70. The composition of claim 69, wherein the astrocyte cell population is at least 80% positive for S100B, CD44, and/or NFIX.

71. The composition of claim 69, wherein the astrocyte cell population is at least 30% positive for SSEA4 and CD44.

72. The composition of claim 69, wherein the astrocyte cell population is at least 45% positive for SSEA4 and CD44.

73. The composition of claim 69, further comprising neurons.

74. A method for screening a test compound comprising introducing the test compound to an astrocyte cell population of any of claims 66-73.

75. The method of claim 74, further comprising measuring astrocyte viability and/or function.

76. Use of the composition of any of claims 66-73 as a model for neurodegenerative disease or injury.

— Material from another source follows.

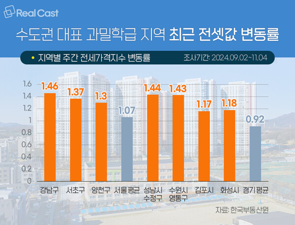한국부동산원 자료에 따르면, 주간 아파트전세가격지수는 9월 2일부터 11월 4일까지 서울 평균 1.07% 상승한 가운데, 강남구 1.46%, 서초구 1.37%, 양천구 1.30% 등 평균을 상회하는 수치를 보였습니다.

77. A co-culture comprising astrocytes and/or neural precursor cells produced by the method of any of claims 1-63, endothelial cells, and pericytes.

78. Use of the co-culture of claim 77 to mimic human brain development or neurodegeneration.

79. A kit comprising astrocytes produced by the method of any of claims 1-63.

80. The kit of claim 79, further comprising endothelial cells and/or pericytes.

81. A model of neurodegeneration comprising the co-culture of claim 77.

82. A method for treating a neurodegenerative disease comprising administering an effective amount of the astrocyte cell composition of any of claims 66-73 to a subject.

83. The method of claim 82, wherein the disease is Alexander's disease or leukodystrophy.